An exhibition titled Institute of Fear — Science of a Haunted House was opened to the public yesterday at the National Taiwan Science Education Center in Taipei.
The exhibition tour starts off in a pleasant household setting, but visitors soon find themselves in a haunted house with dank passageways, filled with unexpected and spooky surprises waiting to spring out at them at the next corner, coming from the living room, the bedroom, bathroom or even the kitchen.
The exhibition is a collaborative work created by Japan’s Fuji Television Network and the National Museum of Emerging Science and Innovation, and was brought to the center yesterday for a three-month period until Sept. 2.

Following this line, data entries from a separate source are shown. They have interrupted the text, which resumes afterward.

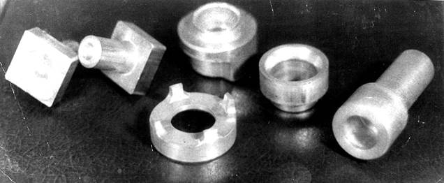 Высокими пластическими, технологическими свойствами, коррозионной стойкостью, хорошей свариваемостью обладают технический алюминий и термически неупрочняемые сплавы алюминия с марганцем и магнием (АД00, АД0, АМц, АМг и др.) Высокой технологичностью при обработке давлением обладают сплавы системы Al-Mg-Si. Это сплавы марки АД31, АДЗЗ, АД35. Сплавы хорошо поддаются прессованию при больших скоростях деформирования, а также штамповке в холодном и горячем состоянии. Из них получают профили и поковки различной конфигурации. Они хорошо подвергаются цветному анодированию. Однако, сплавы типа АД31 имеют не высокие прочностные характеристики (см. приложение № 1). На рис. 3 представлены детали пневмоаппаратуры (Æ 40 - 65), полученные холодной объемной штамповкой на прессе К0032 (160 тс) из сплава АДЗ1. Сплавы системы Al-Zn-Mg также обладают высокой технологичностью. Так, например, из сплава типа 1925 изготавливают детали прессформ.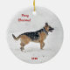 Happy Rescue German Shepherd Dog in Winter Snow Ceramic Tree Decoration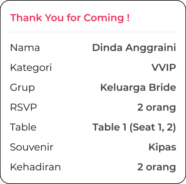 Permudah pencatatan kehadiran tamu di hari istimewa kamu dengan QR Check-in yang real-time, akurat, dan super aman! Bikin setiap kehadiran lebih spesial dengan fitur Selfie Check-in dan Auto Thank You Message!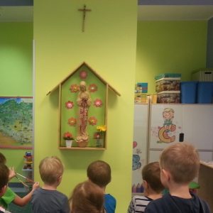 Nasza grupa codziennie modli się na różańcu, śpiewamy piosenki Maryjne, bierzemy figurkę Matki Bożej do domu aby wspólnie z rodzicami wielbić Maryję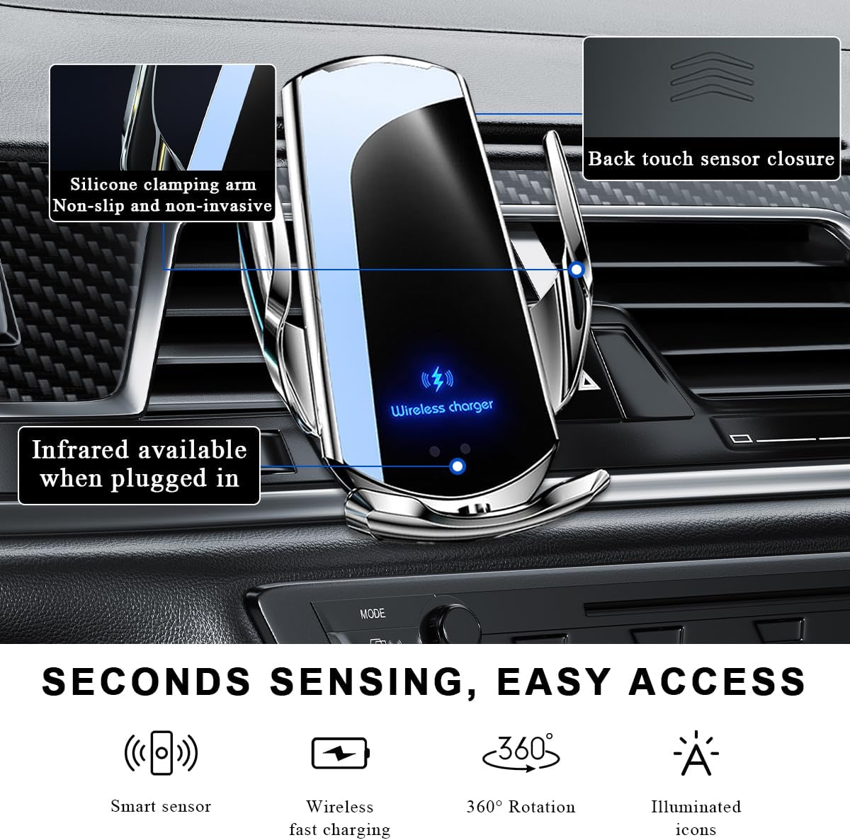 Wireless Car Charger, 15W Fast Charging Air Vent Mount Auto-Clamping Phone Holder, Automotive Electric Induction Charger 360° Rotating Magnetic Vent Mount Bracket for Smartphones (Silver)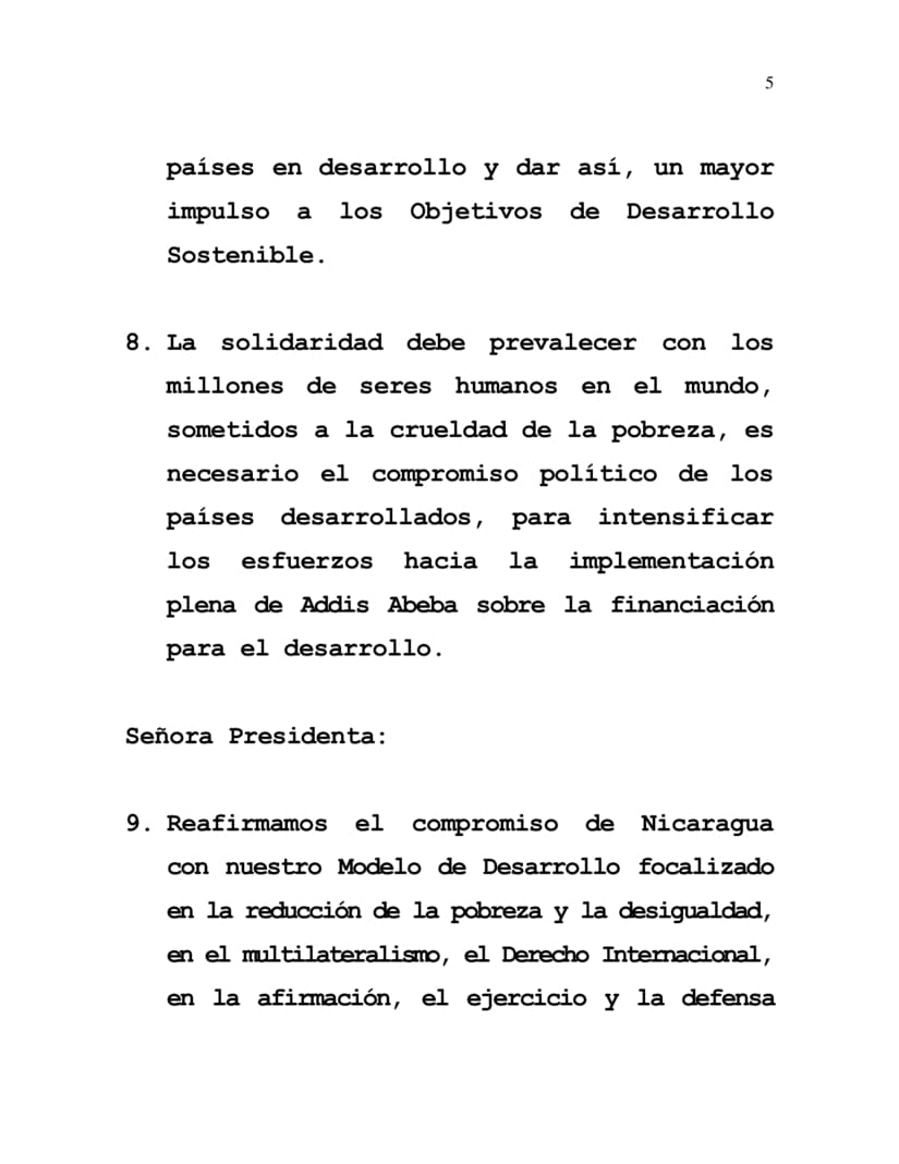 En representación de nuestro Gobierno de Reconciliación y Unidad Nacional de la República de Nicaragua, GRUN, la Compañera Eleane Pichardo Urbina, Embajadora, Representante Permanente Alterna de Nicaragua ante las Naciones Unidas, señaló que el financiamiento es crucial para materializar acciones en materia de desarrollo y que los Países desarrollados deben cumplir con sus compromisos vinculantes adquiridos en relación con la asistencia oficial para el desarrollo.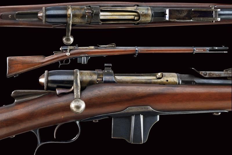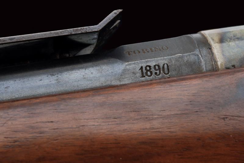 Canna tonda rigata dotata di mirino, alzo regolabile, guida d'innesto per baionetta, la culatta con punzone sabaudo, marcatura "TORINO", anno "1890", e con un'altro punzone, cal. 10 mm. Otturatore girevole-scorrevole funzionante, senza coperchio. Cassa intera in legno. Fornimenti in ferro. Completo di bacchetta.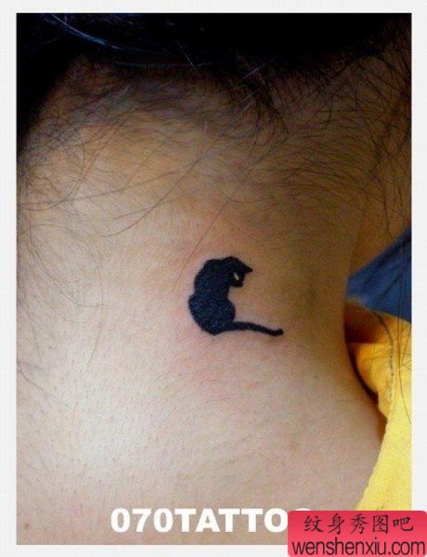 小清新颈部猫文身作品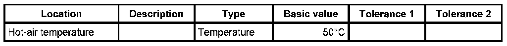 - The hot-air temperature must always be -> Temperature: 50°C.

The tour includes a sequence of four exhibition areas — the “experience” area stimulates people’s fear by leading them through a haunted house setting filled with scary interactive devices, while the “learning” area explains the scientific theories behind the emotion, such as why people feel scared, how they react, the relation between memory and fear experiences, and how to control your fear.
The “observation” area allows visitors to observe other visitors getting scared in the haunted house, and the “experiment” area provides a hands-on opportunity for visitors to control the devices to scare other people.

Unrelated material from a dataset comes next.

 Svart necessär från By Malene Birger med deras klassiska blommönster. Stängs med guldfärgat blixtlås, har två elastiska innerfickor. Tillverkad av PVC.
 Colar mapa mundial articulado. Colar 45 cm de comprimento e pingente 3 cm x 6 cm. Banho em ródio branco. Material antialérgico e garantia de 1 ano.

“People tend to often have feelings of fear, which is an inevitable emotion that we inherited from birth. The exhibition utilizes devices made with the latest technology and the applied situational factors that produce fear in the settings, to give the visitors the scariest possible experience,” the center said, quoting the words from the curator at Fuji Television Network.
Other than the excitement of being scared and scaring other people, the exhibition also reveals the scientific explanations behind people’s fears, the center’s director Chu Nan-shyan (朱楠賢) said, adding that this blend allows the exhibition to provide an unique experience with educational meaning to the visitors.